• Materials provided:
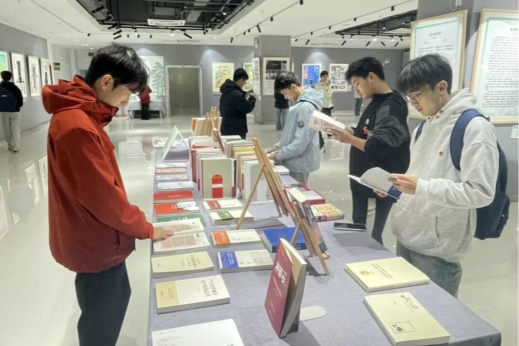 学校依托红色教育阵地开展沉浸式党员教育。图为政治与公共管理学院师生参观“百年奋进路”党史学习教育长廊。
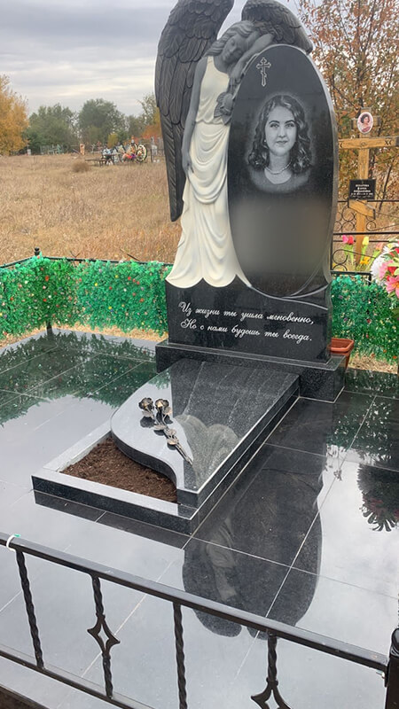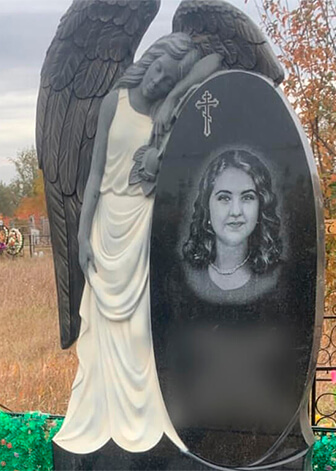 Памятник изготовлен из гранита Габбро. Фигура Ангела (символ олицетворяет непорочность и чистоту души) вырезана на фрезерном станке, станок с числовым программным обеспечением (ЧПУ). На этих станках сложные изделия выпиливаются с точностью до десятых долей миллиметра, для девушки.
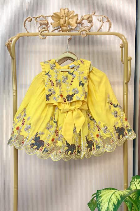 Yellow Bemberg, Silk Embroidery, Lace Blouse And Lehenga Set
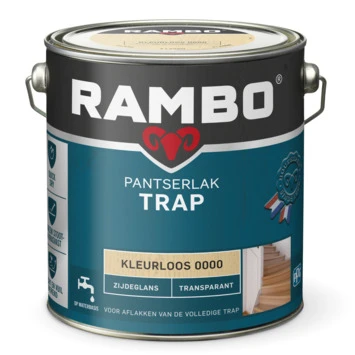 Houten trappen hebben het extra zwaar, speciaal daarvoor is er extra sterke Rambo Pantserlak Trap. De lak is extra snel droog, geurarm en vergeelt niet. Ook is de lak zeer kras- en slijtvast, vloeit mooi uit en beschermt jaren met een blijvende zijdeglans. Geschikt voor de gehele trap (trap – en trapopbouw). Het rendement van dit product is 12 m2 per liter.
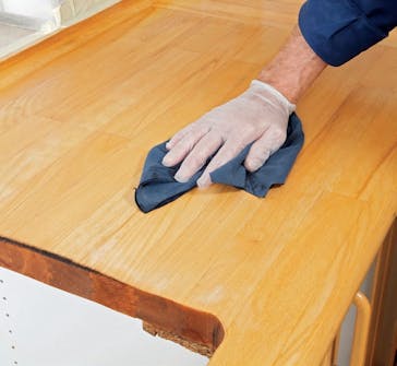 Nå skal benkeplaten mettes med olje. Hell olje ut på platen, og arbeid den ned i treet med en spesiell skrubb, eventuelt en grytesvamp. Gjenta påføring av olje på endetreet, helt til treet er mettet. Endetreet suger ekstra mye.

• Instructions to follow: What is needed is an exact copy of every record above, minus the images.

• Worked solution:
 学校依托红色教育阵地开展沉浸式党员教育。图为政治与公共管理学院师生参观“百年奋进路”党史学习教育长廊。
 Памятник изготовлен из гранита Габбро. Фигура Ангела (символ олицетворяет непорочность и чистоту души) вырезана на фрезерном станке, станок с числовым программным обеспечением (ЧПУ). На этих станках сложные изделия выпиливаются с точностью до десятых долей миллиметра, для девушки.
 Yellow Bemberg, Silk Embroidery, Lace Blouse And Lehenga Set
 Houten trappen hebben het extra zwaar, speciaal daarvoor is er extra sterke Rambo Pantserlak Trap. De lak is extra snel droog, geurarm en vergeelt niet. Ook is de lak zeer kras- en slijtvast, vloeit mooi uit en beschermt jaren met een blijvende zijdeglans. Geschikt voor de gehele trap (trap – en trapopbouw). Het rendement van dit product is 12 m2 per liter.
 Nå skal benkeplaten mettes med olje. Hell olje ut på platen, og arbeid den ned i treet med en spesiell skrubb, eventuelt en grytesvamp. Gjenta påføring av olje på endetreet, helt til treet er mettet. Endetreet suger ekstra mye.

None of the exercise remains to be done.